I wasn't going to show her but in the last month or two she has really grown and blossomed into a nice little doe. I don't expect her to win big (it would be nice!) but I think she'll do well in her class atleast.

I need to buy some feed additives and get her in show shape in 5 weeks.. I think I've lost my mind but it will be fun! 
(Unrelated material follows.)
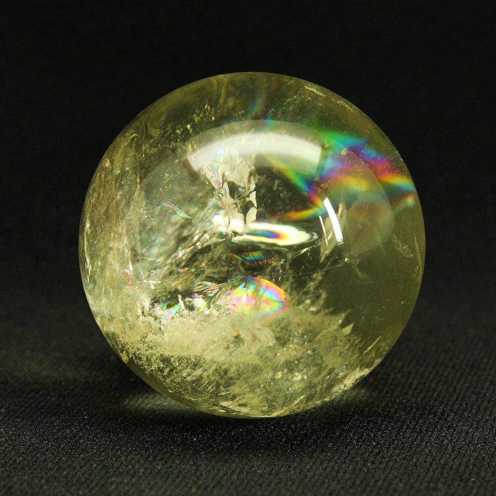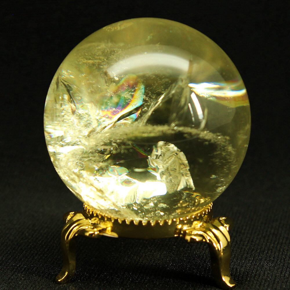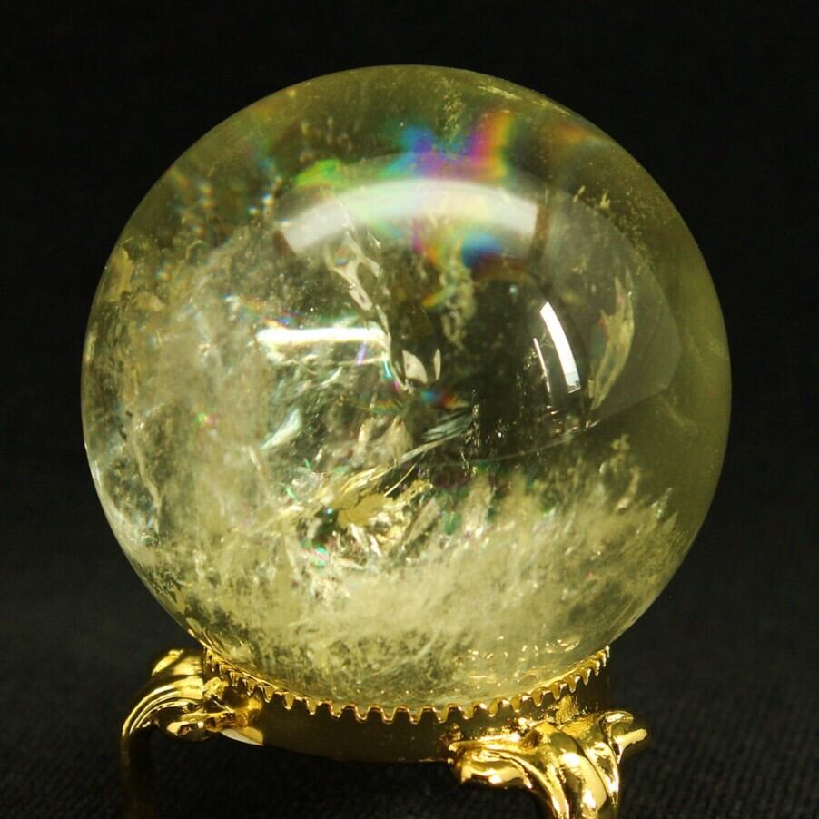 鮮やかな虹の輝きが幻想的 虹入りシトリン スフィア 約46mm 134g GHSU6 台座付き 天然石 パワーストーン 金運 商売繁盛 癒し 京海堂

Ok, I'm going to try to calm down now!


----------



## caprine crazy (Jun 12, 2012)

Great! That will be so much fun!


----------



## JaLyn (Oct 10, 2012)

I'm excited for you...good luck!!


----------



## HoosierShadow (Apr 20, 2010)

Awww that's fantastic! Your a great goat person, you'll have her ready, and you'll both do well!


----------



## Dani-1995 (Mar 11, 2011)

Thanks everyone! 

Awwww thanks, Candice. I try hard to know my stuff... been really lucky to have so many awesome people help and support me too.


----------



## ksalvagno (Oct 6, 2009)

Good luck. Showing can be very fun.


----------



## Dani-1995 (Mar 11, 2011)

Thanks! I show wethers and love it! I can only imagine how much fun the does will be


----------



## JaLyn (Oct 10, 2012)

Dani I've only been in the ring one time wiht a buck, well i just recentely discovered showing does is a lil different so now i'm all nervous lol


----------



## Dani-1995 (Mar 11, 2011)

I've shown does before so its not completely new but it is different since it will be mine and not someone elses


----------



## toth boer goats (Jul 20, 2008)

Have a great time


----------



## Dani-1995 (Mar 11, 2011)

Thanks! I'm sure we'll have fun... well if she behaves!


----------



## HoosierShadow (Apr 20, 2010)

haha I hear ya! Has she ever left your farm? 
We took our kids goats to the fairgrounds last summer a couple of weeks before their first show, to get them used to riding and being in an unfamiliar place.
Of course they were riding in the back of my SUV LOL But it worked out great. The kids practiced getting them in/out of the trailer and it became a game.
By their first show the girls were all really good and not as freaked out as I figured they'd be.
Of course, if she's anything like my daughters yearling doe...lord help you lol My daughter is showing her doe again this summer, and I'm thinking OMG OMG OMG haha! She's so naughty! But she did put her on the show collar yesterday to see if it still fits <lol> and she did pretty good, considering she hasn't been walked since last summer!


----------



## goatiegirl (Jan 7, 2013)

How neat! Have fun and good luck!!


----------



## Dani-1995 (Mar 11, 2011)

She has left but she's a bottle baby and is used to being in charge of our wethers and her LGD. Its cute and funny up until you try to walk her with chain. I was going to be nice and use a regular chain on her but she pitched such a fit I grabbed the pronged collar and now she wants to behave. Tried the chain again with no luck so looks like it will be a prong collar. She actually went to big shows but was never shown, she just went so she wouldnt be alone.


----------



## Dani-1995 (Mar 11, 2011)

Here Sugar is after being brushed.... she has crazy hair that I'm working on taming. We'll wash her next week and try to get it better... it will be difficult for sure


----------



## HamiltonAcresBoers (May 9, 2012)

She looks so much like our doe Presley!


----------



## Crossroads Boers (Feb 19, 2011)

She is very pretty! I love how thick she is, with her nice big bones! I think she should do pretty well in a show! What age class will she be in? Good luck!


----------



## Dani-1995 (Mar 11, 2011)

Thanks! She'll be a year old on the 19th. She has alot of 900 and is a daughter of Texas ink by Glenn Martin. I'm very happy with her! Especially for being a premmie and only weighing 3lbs at birth


----------